The chat below, which summarizes 5 years of Fed “forward guidance” on that most critical of variables – the Fed Funds rate – proves two things: i) there is nothing worse in this world than being a Fed Funds or Eurodollar trader, considering 5 years of forecasts have been systematically destroyed by a Fed which has failed time and time and time again to stimulate the economy enough to push it away from ZIRP (and why any hope for the first rate hike in mid-2015 are idiotic), and ii) when it comes to central planning, the economist that now openly control the bond and stock market and increasingly more of global capital flows, have absolutely no idea what tomorrow brings perversely, since it is their actions that have made the required outcome – a self-sustaining, economic recovery – impossible.
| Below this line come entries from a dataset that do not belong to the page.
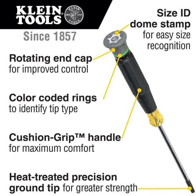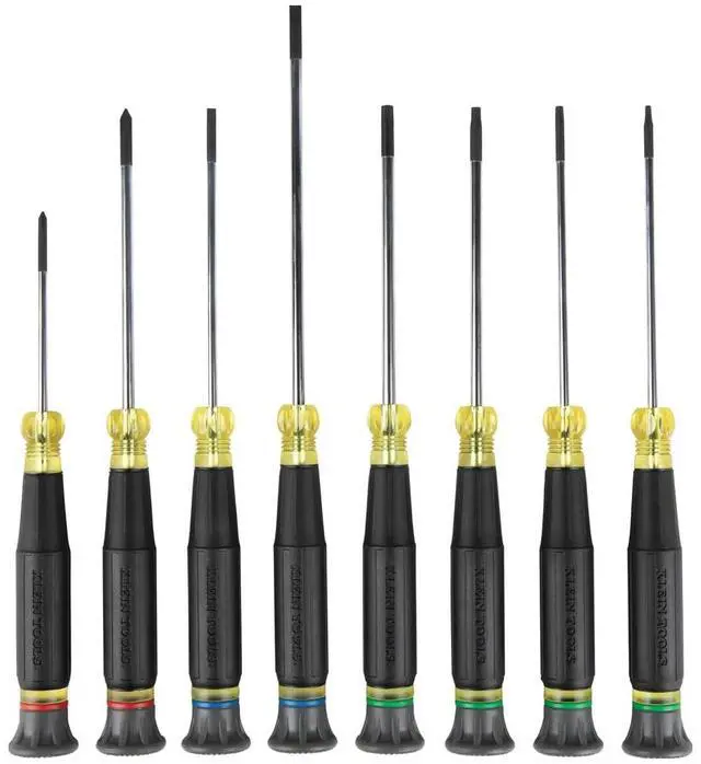 Klein Tools 8-Piece Precision Screwdriver Set helps get the job done when precision is key. These tools have all the quality and standards of full size screwdrivers with precise finger control for turning blades in tight spaces. This set includes 2 flat tip screwdrivers, 2 Phillips screwdrivers and 4 TORX screwdrivers.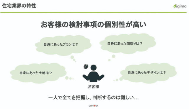 一方で「資料請求を行った見込み客、全員を適切にフォローできているわけではない」(相馬さん)現状もある。生活者の購買行動では「とりあえず資料請求」のパターンもあり、検討状況が把握できないまま全ての問い合わせに対応することは現実的ではないからだ。また、同社の営業は設計も兼務しているため、1つずつ図面を書いて提案していたらきりがない。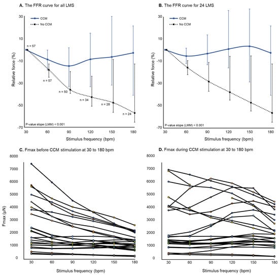 (A): Partial reversal of the negative force-frequency relationship (FFR) with CCM stimulation. The number of included LMS at higher frequencies decreased from 57 to 24 due to exclusion of LMS when contractions did not capture all electrical stimuli. (B): The FFR of 24 LMS with capture of all pacing frequencies (30 to 180 bpm). (C,D) illustrate the Fmax of 24 LMS before and during CCM stimulation at 30 to 180 bpm, respectively.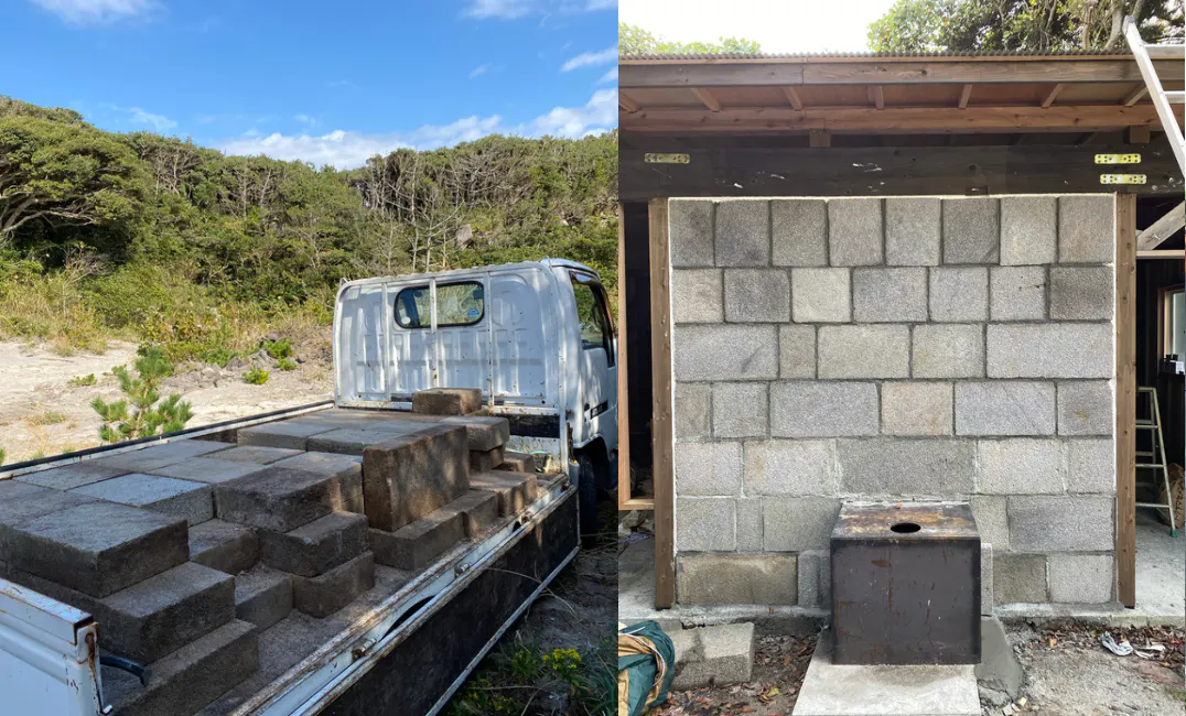 壁もあと少しで完成。新島ならではの塩工房になりそうです!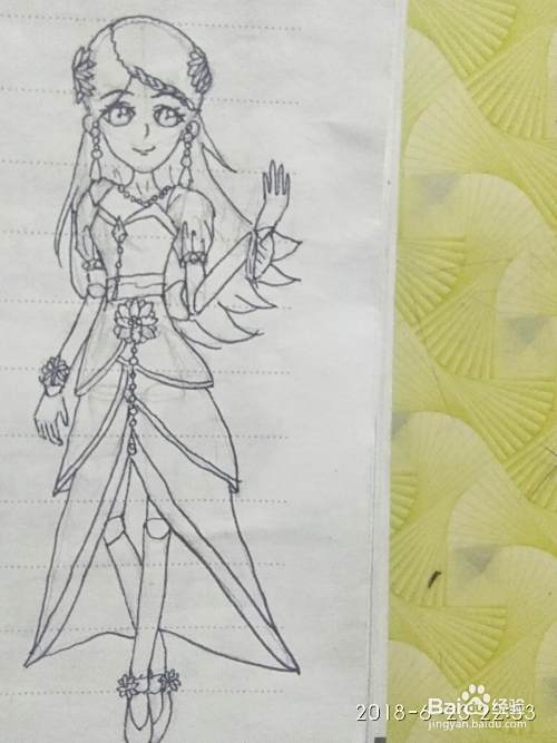 第五步--画出希娜的长裙,注意是三层的哟。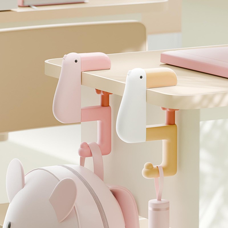 Dvagoent 2 Bag Holders for Table, Cute Duck Pattern, Handbag Holder, Plastic, Foldable, Practical Storage, Manual Swivel Attachment, Easy to Install (White, Pink)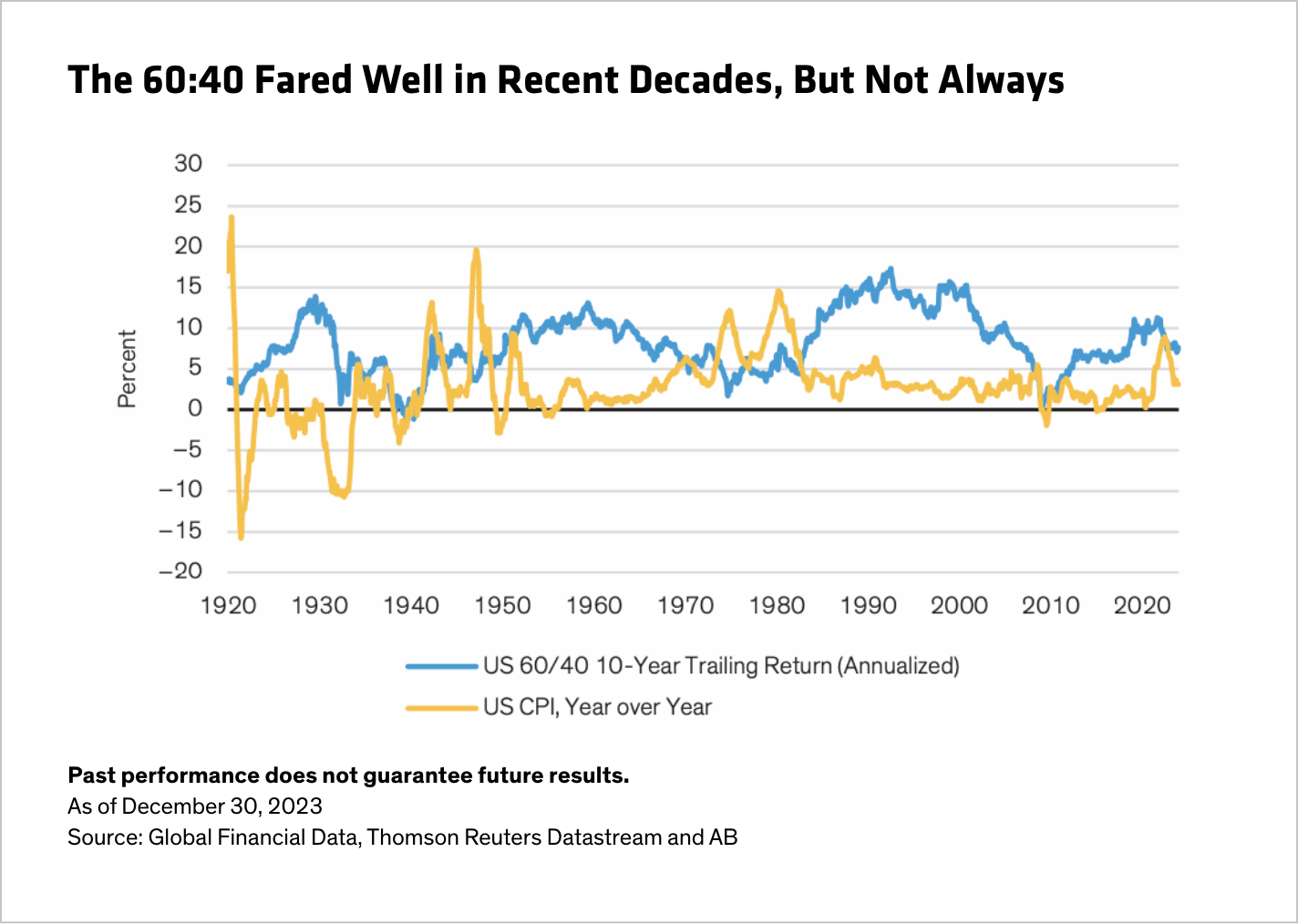 Line graph with time (1920–2023) on the X-axis and US 60/40 returns and US CPI year-over-year compared on the Y-axis.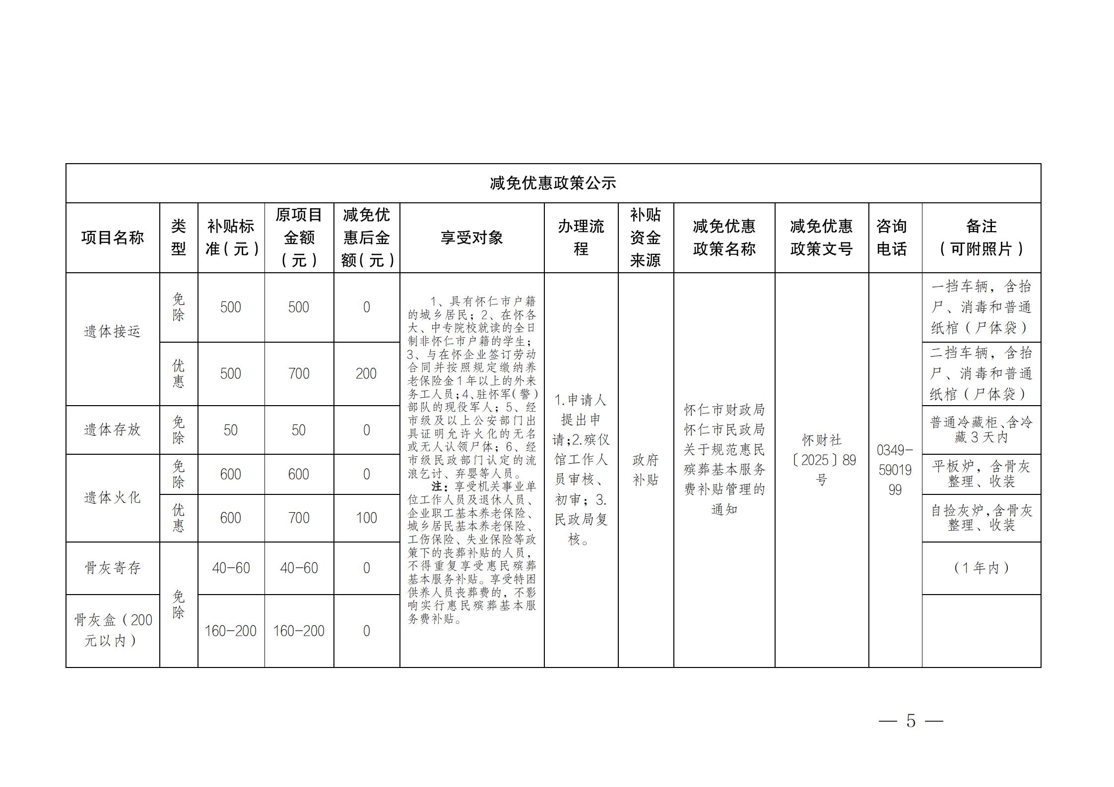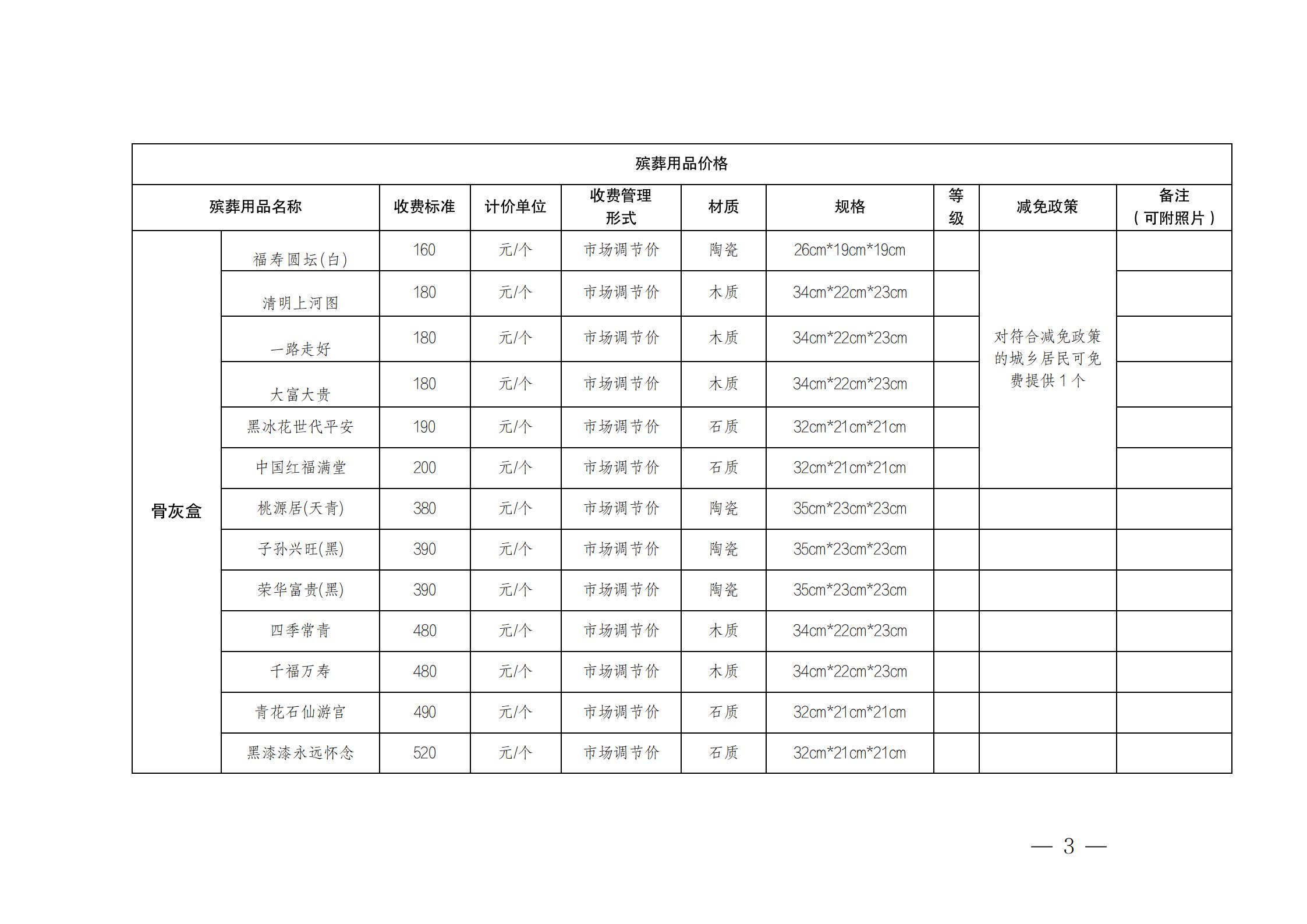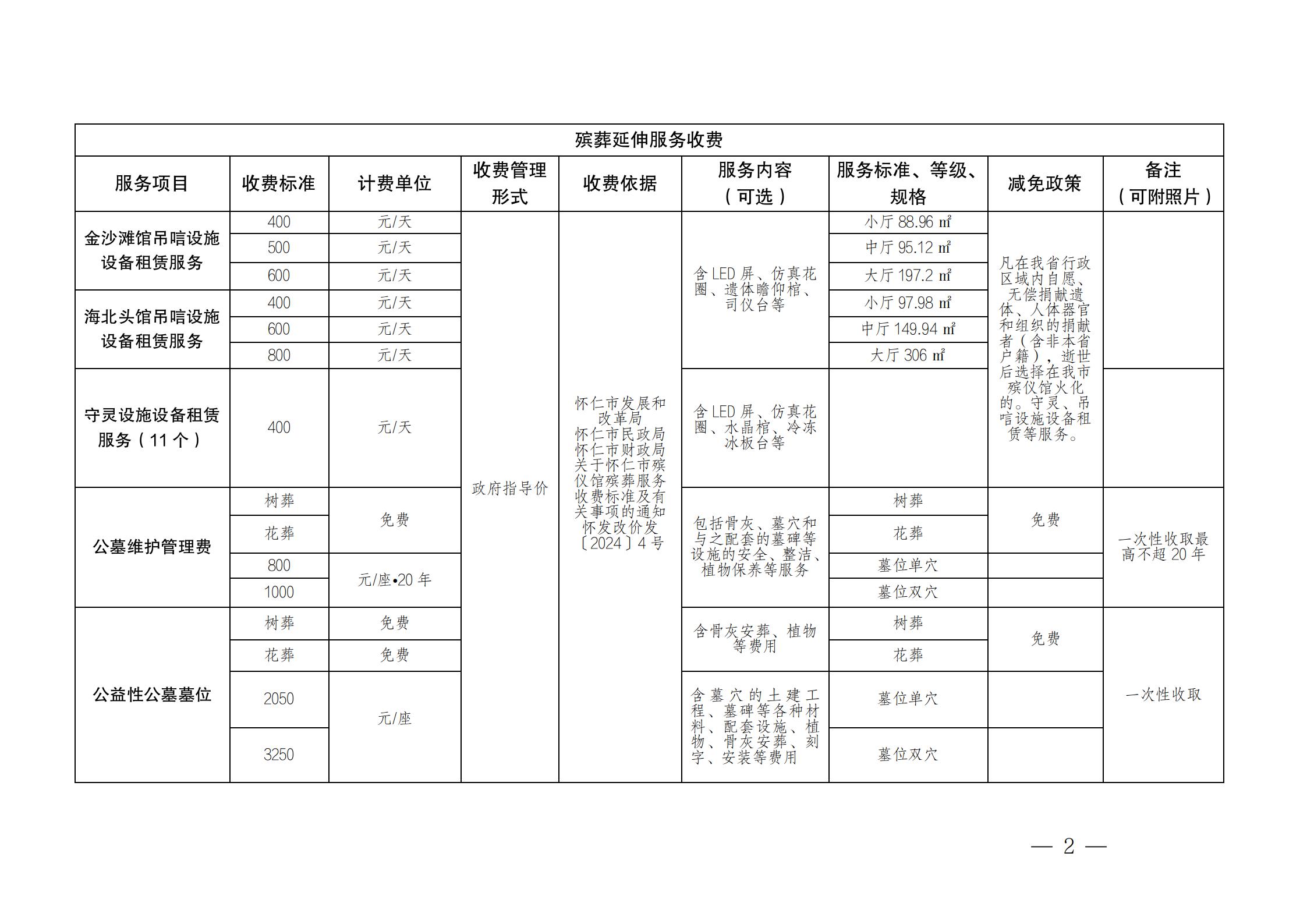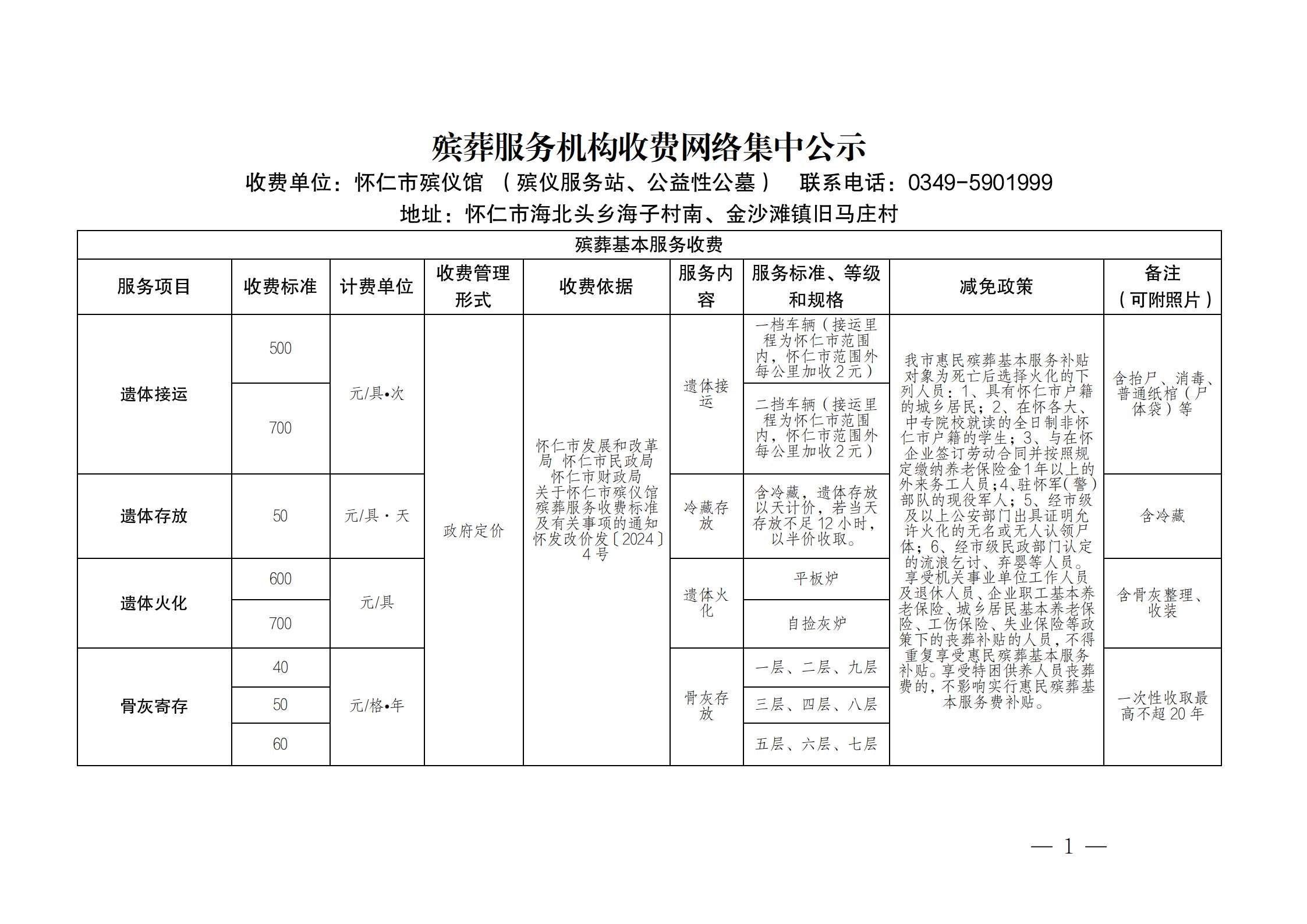 殡葬服务机构收费网络集中公示(怀仁市殡仪馆)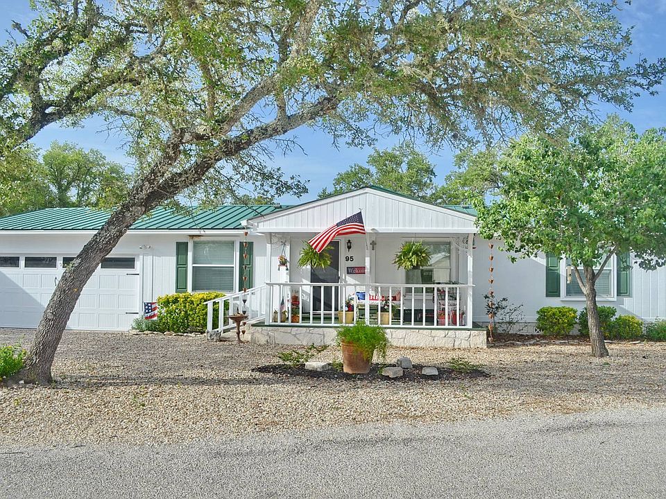 1994 Patriot Homes Model: Independence 1320 Sq. Ft. Lovely home in 55 plus community between Kerrville and Fredericksburg we call this the best of both worlds. 3 Bedroom 2 bath with large master bedroom, has large walk in shower. Both guest rooms have large walk in closets. All appliance convey including washer, dryer and water softener. Metal roof was just cleaned, inside of house was painted in 2021 and outside in 2022. Leaf Guard gutter were installed and in 2021 new fans with lights were put in both guest rooms. Crown molding and double insulated plus storm windows, covered front porch. Double car garage with lots of shelving. Paved patio and storage building out back. Zero scape yard front and back. You can buy the house furnished for 180,000. This is a must see move in ready home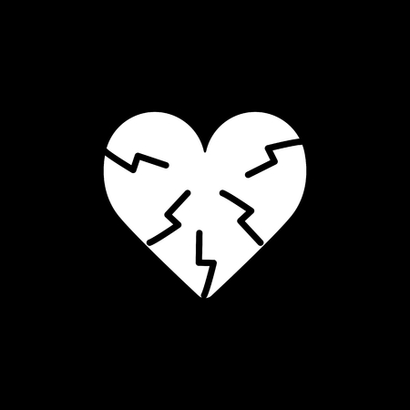 ひびの入ったハートのベクター アイコン 黒と白の愛のイラスト 心の固体の線形アイコン のイラスト素材 ベクタ Image

And some amusing cover from Bank of America to justify this disaster:
in each of the last three business cycles, the market consistently mispriced the Fed, expecting rate hikes much too early. Let’s take a look at the forward curve after each FOMC meeting in the most recent period. Until the Fed announced “calendar guidance” in 2011, the markets always saw Fed rate hikes just around the corner. More recently, Fed attempts to guide the markets have flattened that curve.
So… is this Bank of America’s attempt to validate curve flattening (and soon inversion) as bullish? Sure, why not.